In the end, we managed to get the paint (which cost $250 for just two small rooms), rescheduled the generator guy and got about half of the household good we needed. I’m told that’s about par for the course around here – schedule three things, but only do one or two.

As tiring as it was, it was fun. I think it beats a trip to Wal Mart anyday.

Tuesday, October 13, 2009

Some quickies...

It's a Small World
Last night at dinner, I heard what seemed to be an American English accent saying, 'Kelly, is that you?' Shocked that anyone knew me here, I surprisingly said 'Yes'. Sure enough, they too were an expat family from Washington DC living in Dakar since last December. Julie explained that word has gotten out through the expat community in Dakar that 'a nice American pregnant white woman named Kelly' has just arrived in Dakar. We spent some time talking with her and her family. Coincidentally, she happens to be a mid-wife here in Dakar; we are setting up prenatal classes with her.

Small Accomplishments
Today was the first day I ate at a restaurant without Rich, who translates the menu and orders for me in French.
I was determined to give it a try by myself. I went to a lunch cafe that we have been to a few times. On the drive there, I practiced ordering my large bottle of water, nem, and falafel sandwich.
Sure enough, when the waitress came over I said 'Bonjour. Ca va? Je voudrais un grande bouteille de l'eau, et falafel, et un nem. ' I'm not sure how good my accent was but she seemed to understand as she said, 'Merci' and left with a smile. I let out a big sigh of relief and an incredible sense of accomplishment came over me.
Now don't be mad mom, but it seems I forgot my manners. The only thing I forgot to say was please, rather 'sil vous plait'.
Next time.

The Twinnies are Kicking
The last two days have been quite exciting. The boys have been moving and kicking up a storm. I have felt some subtle internal kicks for a few weeks, but today as I sat down with my hands crossed on my tummy, I felt a big kick on my hand. At first it scared me and I immediately jumped and pulled my hand away....forgetting for a moment that it was a growing baby inside.

Sunday, October 11, 2009

Keep the Cannibals Away


“Coconut trees are good because they keep the cannibals away,” said our new friend Samba, a tall man with a brightly-colored woolen cap who insisted on helping with our purchase of plants at the outdoor nursery.
“You will like living in Senegal, but it is important to learn our philosophy so that when you return to America you can teach your friends and family there,” he said.

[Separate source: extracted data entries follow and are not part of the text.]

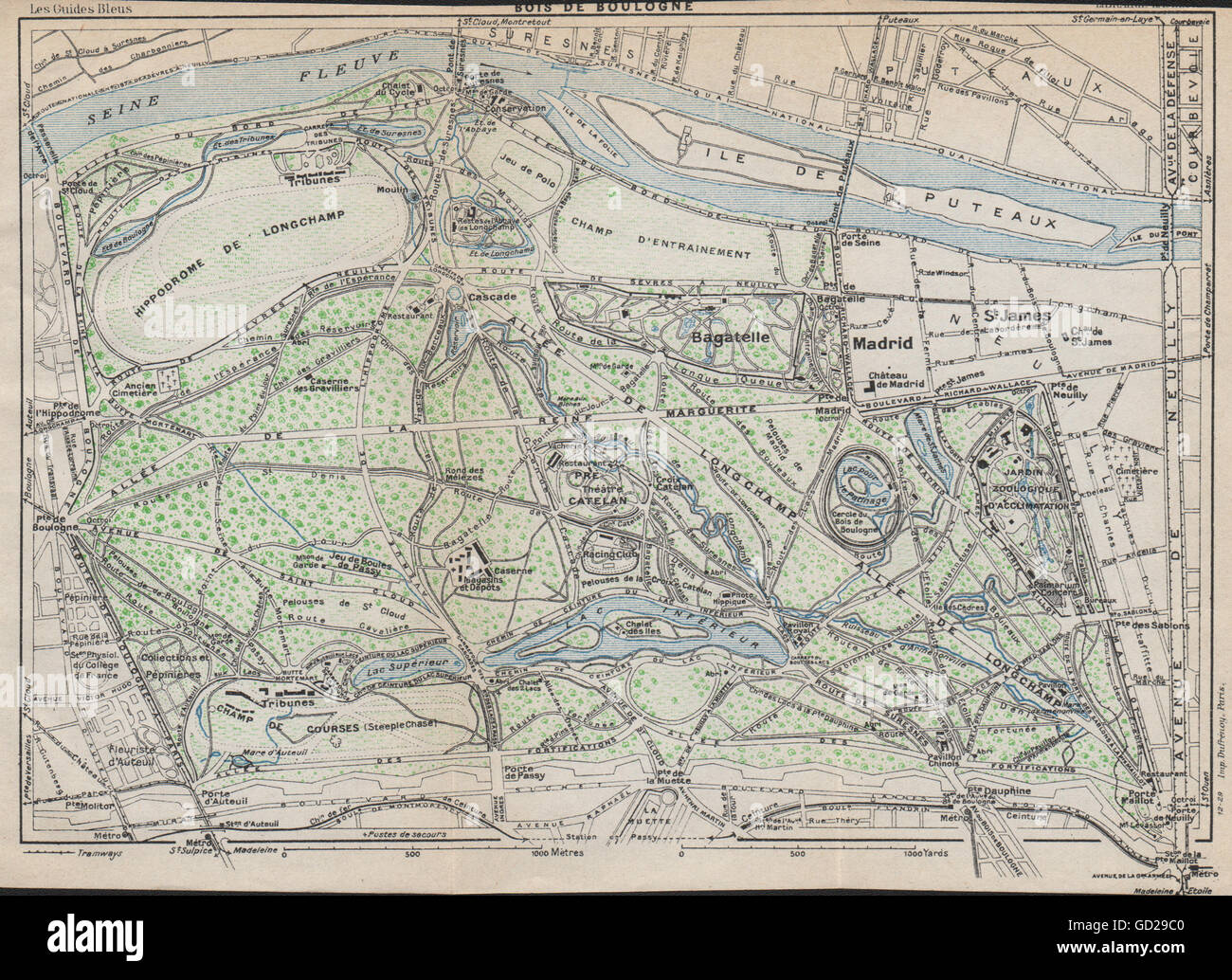 Bois De Boulogne Vintage Map Plan Paris 1927 Stock Photo Alamy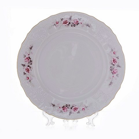 Блюдо мелкое фарфор Бледная роза-золотая кайма 32 см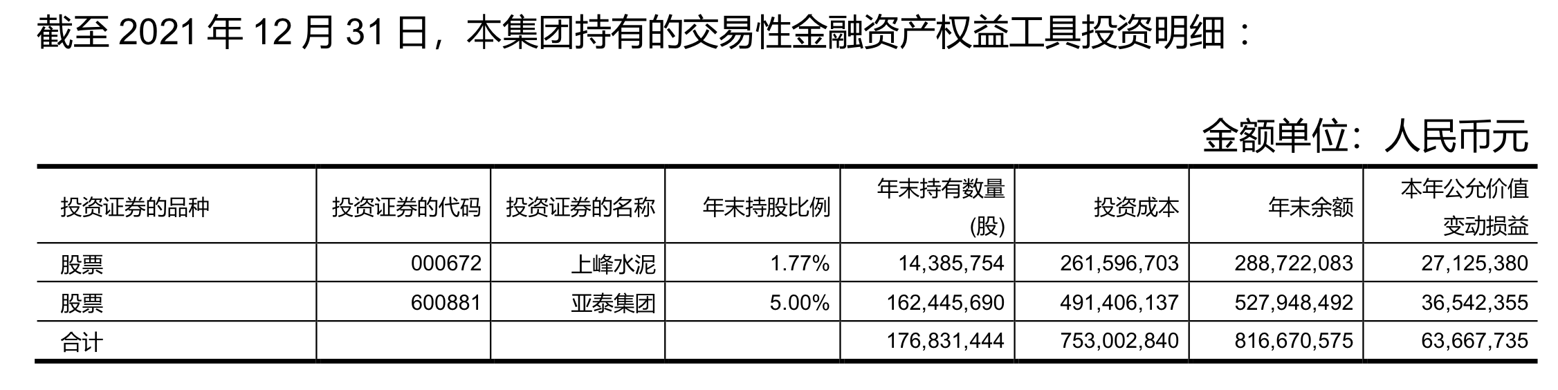 2021年年报,海螺水泥披露持有的交易性金融资产权益工具投资明细,截止2021年年末,海螺水泥持股上峰水泥(000672.SZ)1438.58万股,持有亚泰集团(600881.SH)1.62亿股。两者合计投资成本是7.53亿元,年末余额合计8.17亿元,当年公允价值变动损益为6366.77万元。
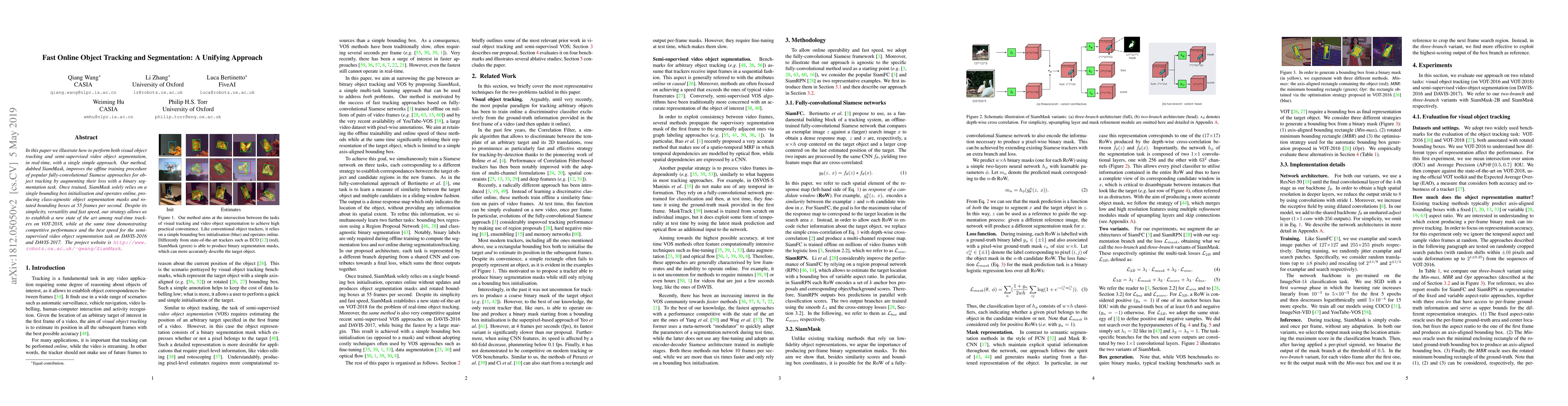 This paper presents SiamMask, a unified approach for real-time visual object tracking and semi-supervised video object segmentation, achieving state-of-the-art performance on VOT-2018 and DAVIS benchmarks. The method enhances traditional Siamese networks by incorporating a binary segmentation task during training.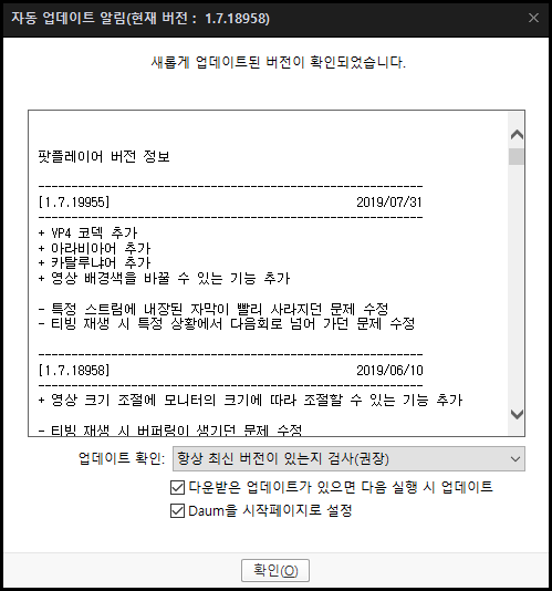 | 팟플레이어 버전 1.7.18344 업데이트 진행 (0) | 2019.04.18 |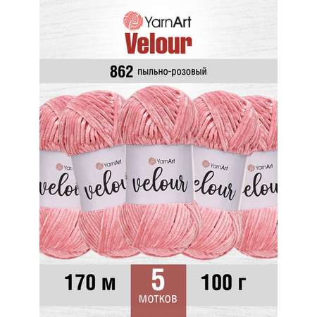 Пряжа для вязания YarnArt Velour 100 г 170 м микрополиэстер мягкая велюровая 5 мотков 862 пыльно-розовый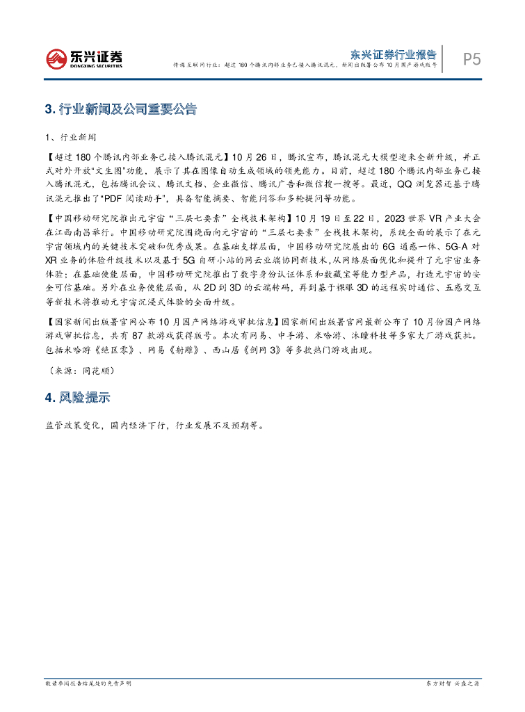 东兴证券:传媒互联网行业报告:超过180个腾讯内部业务已接入腾讯混元,新闻出版署公布10月国产游戏版号.pdf

I didn’t bother telling Samba that there weren’t many cannibals or coconut trees in New England or New York these days, but he wouldn’t have been interested anyway. He was on to new things. Anyone care for a pinch of dirt mixed with blood and spit rolled into some newspaper to ward off evil spirits?
“This will ensure that you two and your unborn babies have good fortune here. Some advice that I offer for free. Just rub it on yourself,” said Samba, who’s timid older brother hid behind enormous sunglasses, attempting to light a cigarette with a broken lighter.

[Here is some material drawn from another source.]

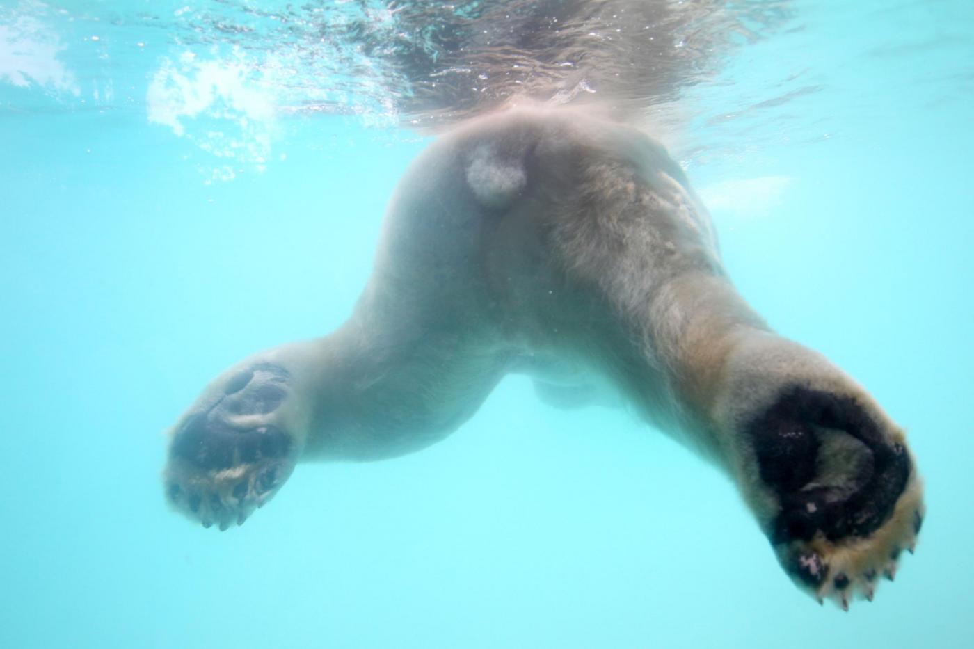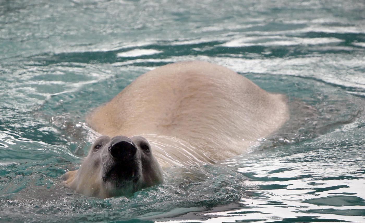 Inuka, the first polar bear born in the tropics swims in his new enclosure at the Singapore Zoo on Wednesday, May 29, 2013 in Singapore. Modeled closely after the arctic habitat, the enclosure helps replicate the chilly climate of the arctic by including an ice cave, and a large pool filled with giant ice blocks. These are part of the Wildlife Reserves Singapore's efforts in providing visitors greater knowledge of the natural world. (AP Photo/Wong Maye-E)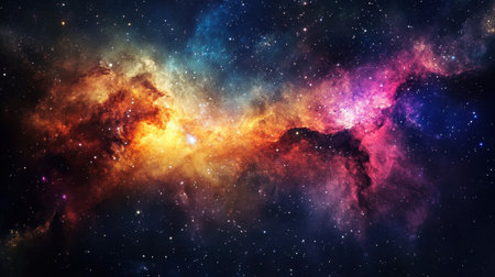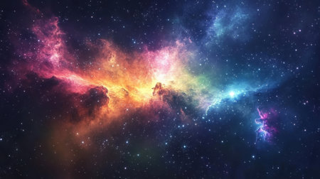 Nebula night starry sky in rainbow colors. Multicolor outer space. Star field and nebula in deep space many light years far from planet Earth.

With all the uninvited action, it was difficult to concentrate on the task at hand – to buy as couple of potted plants for our new house from Waly, the gentle gardener who tended this patch of seaside soil.
There was no end to the choices – palms, papayas, almonds, ferns, hostas, aloe, and a massive number of other incredibly healthy-looking greens and flowers stretching up along the roadside as far as the eye could see. Standing in the shade of the plants that grew there, we’d picked out about seven different specimens and were negotiating the price and sorting out the delivery when Samba strolled over, making a rather normal transaction into a true Dakar experience.

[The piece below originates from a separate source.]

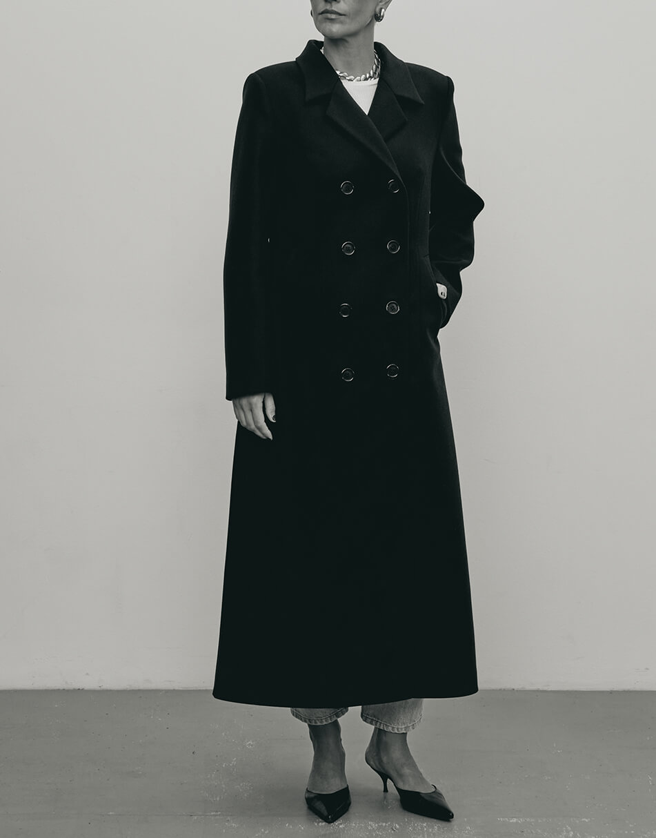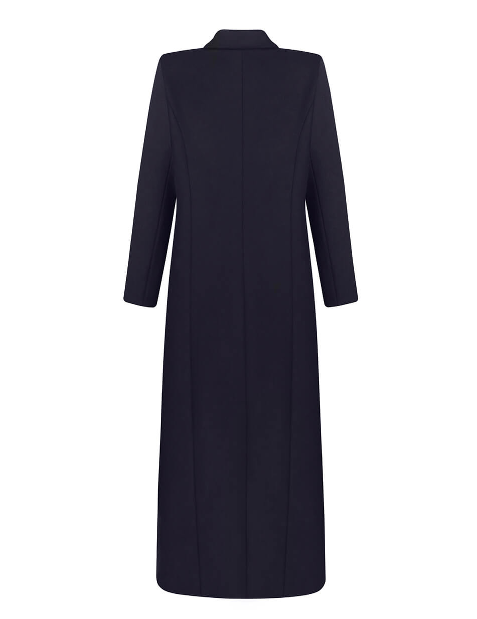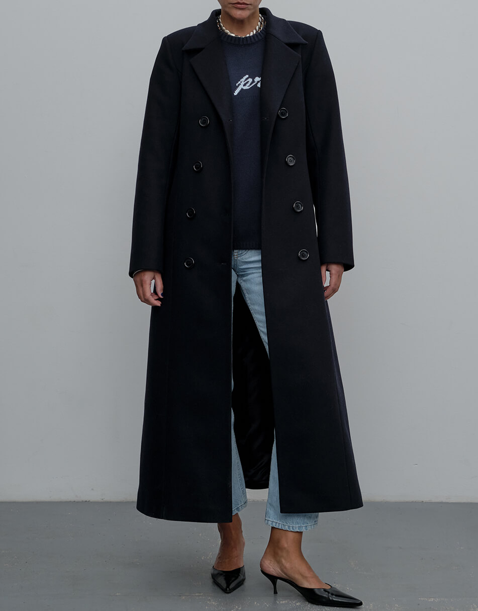 Пальто двобортне кольору неві. Силует приталений, з боковими кишенями. Підкладка – темного кольору.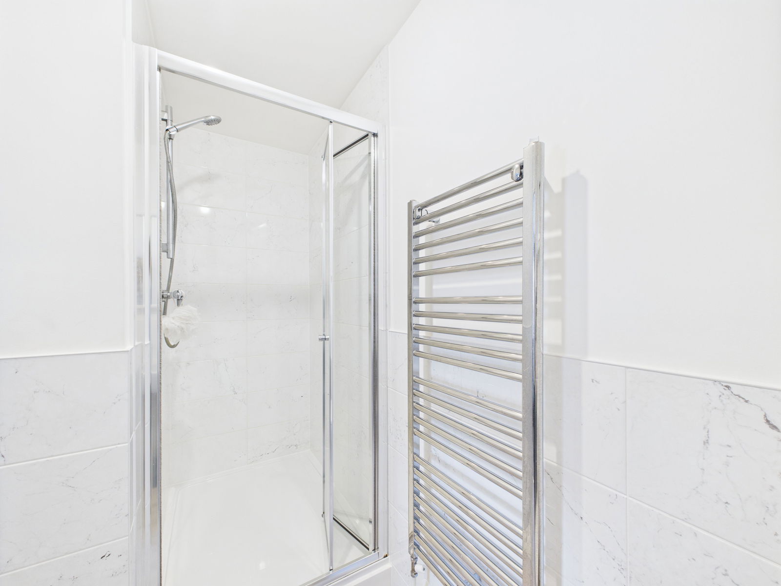 EN-SUITE A modern master en-suite boasting a low level flush WC, a pedestal wash hand basin and a walk in double shower unit. Complimentary marble effect porcelain tiling, extractor fan and a chrome heated towel rail.

“I would love to help you plant these at your house,” Samba offered.

“No thanks, Samba,” I said.

The plants were cheap, so it was not too painful when we finally realized the only way to prevent Samba from giving us anymore handfuls of dirt or suggestions on how to keep evil spirits at bay was to give him a buck so he and his brother could grab a coke and some couscous down the road. He was either a sorcerer, or a guy who knew how to freak out a newcomer to get a free meal. Not believing in ju-ju, I reckoned the latter.

Twenty minutes later the donkey cart with our plants arrived at the villa and we arranged them around the house. Plants can really make an empty place seem alive. And while we were exceedingly happy with how these new additions fit into our home, I found myself paying particular attention to a plant that had clearly set its roots deep into the soil on the property long before we’d arrived. A sturdy coconut tree planted by the front door.

Saturday, October 10, 2009

A Note of Thanks...

From Rich and I... Thanks to all the friends and family that have sent us extensive emails keeping us filled in on the 'goings on' at home. Your notes mean the world to us, and have helped us feel connected despite being so far away. Thank you for your support and love.
xo

Some like it hot...

Summer months in Dakar are August, September, and October. Despite being the rainy season during these months, we have yet to see a bit of rain. Temps during the day hover around 100 degrees Fahrenheit. Being pregnant, and officially 'large', my ankles have seen better days. In fact, for the last few days, you can not even see a bit of ankle bone. When I can, I have tried to listen to my body and rest by the pool or take afternoon naps. Pregnancy and this constant heat is not easy... A/C is a luxury and most places, even restaurants may not have it.

Wow...if I can survive this heat now, imagine how easy it will get when I am not pregnant!

Rich is in heaven with the waves here in Senegal. On days when he works the late shift at work he will surf in the morning. On days when he works the early shift he will surf in the evening. It has been almost 10 years since he has been able to surf everyday, and he is absolutely thrilled. There are many places to watch him surf that have cabana bars; in the evenings I watch him while I enjoy the sunset and a cold coca-cola! His surf talent is incredible...he rips through well over head high waves without any problem. Okay, I'll stop bragging. Videos to come soon.
xo

Thursday, October 8, 2009

Tea Time


There is something quite fascinating to watch here in Senegal and that is 'tea time'. Often you will see large gatherings of mostly men and boys circled around a brewing kettle on the side of the road.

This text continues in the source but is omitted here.